I’m sure someone could write a dozen pages bashing this approach, but my interest here is less in critique than demonstrating a new approach. Take our lesson from above: societies should be stratified by a hierarchical organization of function-based roles. From our exploration of the past, we can assume that this lesson is as close to conformity with the laws of Gnon as we can be, given limited human faculties. As a reactionary, my rule is that my policy must be as closely conformed to the laws of Gnon as possible, given relevant circumstances. Education reform, therefore, should be organized around a three-tiered system which focuses on the function of the student in society.
For example, let us imagine a school system which provides basis literacy and mathematics from K-8. At 8th grade, a state-administered test divides students into two categories: Shudras and forward-castes. Shudras are given two to three years of education in various manual skills and then sent to employment. The forward-castes are given four more years of schooling in logical, mathematical, scientific, and philosophic arts before being administered a second test, in which they are divided between Vaisyas and Brahmins. The former are given education in management, technical expertise, engineering, and the practical STEM fields, while the latter are sent to an elite school to study law, administration, policy, and governance, similar to the Grandes Ecoles in France.
This system resembles Plato’s education and preserves a three-caste system which undergirds most Indo-European societies thus will likely demonstrate better outcomes in education. Rather than a high school diploma that guarantees a life of poverty in the U.S. today, the poor student will be certified in at least one area of skilled labor, depending on his motivation and performance in his last few years of education. The higher-performing students are freed from 4 years of wasted time in high school, where they are being held back by the slow students, because they are free to study the higher subjects which prepare them for real achievement at the college level.
Educational divisions create social division; we now have a eucivic and eugenic caste structure because people largely marry those who they go to school with. Certainly, we can discuss sex segregation and the role of women at the Vaisya and Brahmin institutions; should women be admitted for the purposes of seeking their MRS degree, or should they be banned altogether? Certainly, this depends on various other social institutions and how matchmaking functions in a reactionary society.
The details here are not important, really, since history rarely follows along such clean, pat little plans as these.
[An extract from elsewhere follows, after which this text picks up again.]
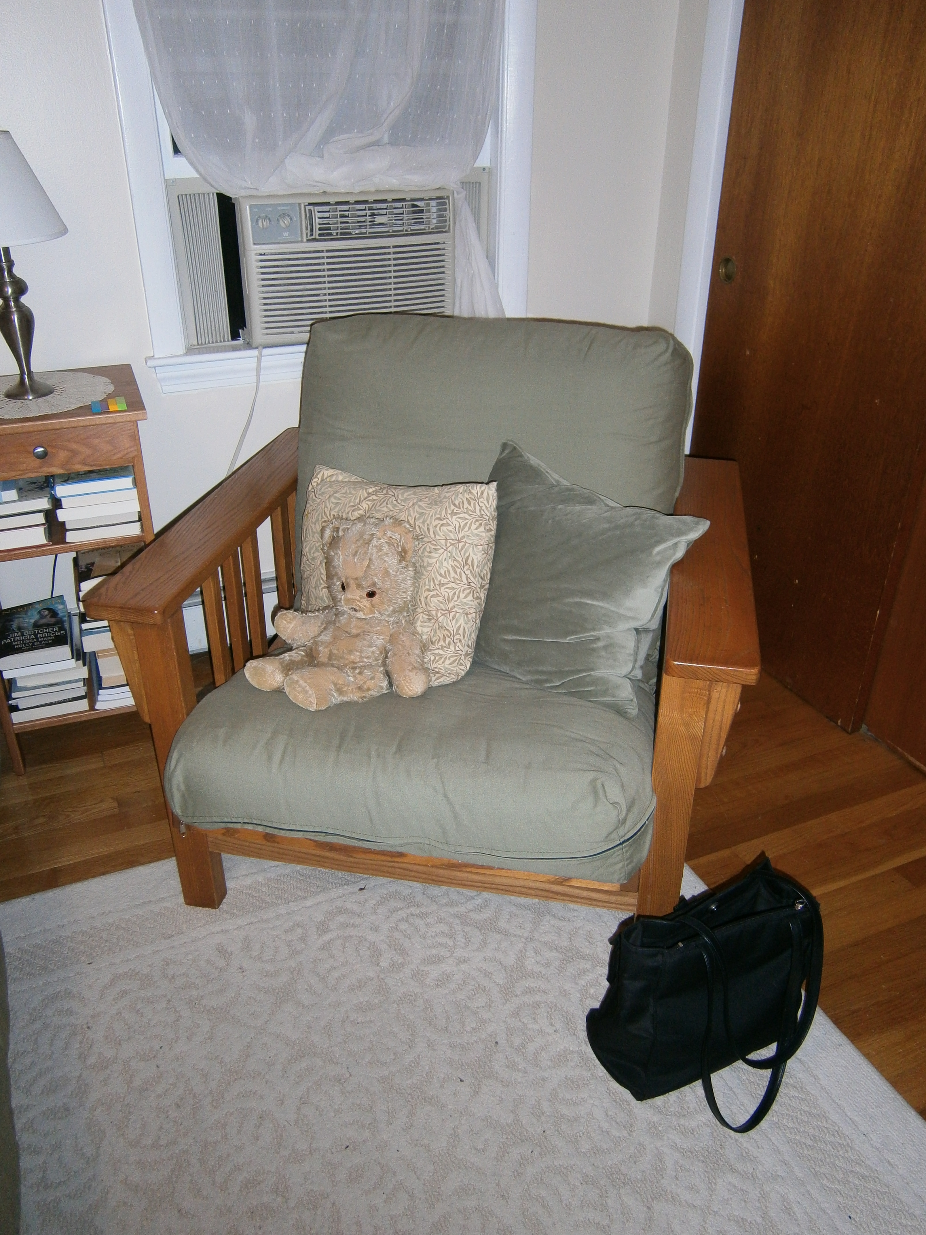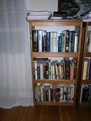 The books are completely unorganized, so when I go to look for one, I look on all the shelves, trying to remember where in the world I put it. I miss the days when I knew where my books were, but that was in the apartment, two years ago.

What will happen will occur as a result of various, unpredictable forces in collision.
I can already hear the engineers howling about demotion from the Brahmin, but the point of this article is not the practice of education but a new way of thinking about policy reform beginning with the principles of Gnon.
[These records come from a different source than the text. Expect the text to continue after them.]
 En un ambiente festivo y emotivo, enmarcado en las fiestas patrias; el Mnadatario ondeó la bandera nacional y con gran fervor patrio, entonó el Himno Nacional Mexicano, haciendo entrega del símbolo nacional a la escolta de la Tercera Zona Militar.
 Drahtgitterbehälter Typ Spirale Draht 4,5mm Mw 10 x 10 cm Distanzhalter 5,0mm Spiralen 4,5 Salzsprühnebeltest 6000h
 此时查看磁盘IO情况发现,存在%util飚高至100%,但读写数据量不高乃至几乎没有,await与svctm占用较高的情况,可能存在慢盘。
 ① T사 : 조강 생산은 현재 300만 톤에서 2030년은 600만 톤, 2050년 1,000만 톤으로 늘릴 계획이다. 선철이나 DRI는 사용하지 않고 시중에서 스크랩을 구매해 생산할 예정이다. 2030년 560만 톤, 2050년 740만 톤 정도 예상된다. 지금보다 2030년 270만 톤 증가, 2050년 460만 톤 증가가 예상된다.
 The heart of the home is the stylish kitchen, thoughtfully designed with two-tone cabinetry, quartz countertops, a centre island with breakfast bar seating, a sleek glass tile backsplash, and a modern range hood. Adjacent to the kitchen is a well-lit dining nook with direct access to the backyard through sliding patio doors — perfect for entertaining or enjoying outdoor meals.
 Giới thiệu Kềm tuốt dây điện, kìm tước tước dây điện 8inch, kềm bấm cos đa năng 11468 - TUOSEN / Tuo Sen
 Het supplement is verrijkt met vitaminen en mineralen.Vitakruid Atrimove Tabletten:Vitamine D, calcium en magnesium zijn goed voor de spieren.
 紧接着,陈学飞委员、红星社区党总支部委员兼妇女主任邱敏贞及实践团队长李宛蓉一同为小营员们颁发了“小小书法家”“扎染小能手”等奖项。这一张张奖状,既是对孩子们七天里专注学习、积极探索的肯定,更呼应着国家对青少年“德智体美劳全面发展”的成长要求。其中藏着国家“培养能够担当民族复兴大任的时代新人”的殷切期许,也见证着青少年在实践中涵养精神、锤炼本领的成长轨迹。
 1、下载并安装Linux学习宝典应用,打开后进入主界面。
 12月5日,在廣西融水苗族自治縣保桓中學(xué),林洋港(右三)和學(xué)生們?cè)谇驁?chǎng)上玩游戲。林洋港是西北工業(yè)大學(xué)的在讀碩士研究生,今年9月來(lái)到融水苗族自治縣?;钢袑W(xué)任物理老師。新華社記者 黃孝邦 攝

From an extrapolation of the Laws of Gnon, we can construct policy proposals which exist in conformity with reality. This is the seed of a reactionary social science. If the regime topples today, who will be equipped with the tools to erect functional institutions? These tools can’t be left in the hands of the leftist elites, who merely double-down on the bad science that got society in its current condition. Reaction needs to be a complete worldview, not a boutique for edgy commenters. A Science of Gnon is part of that.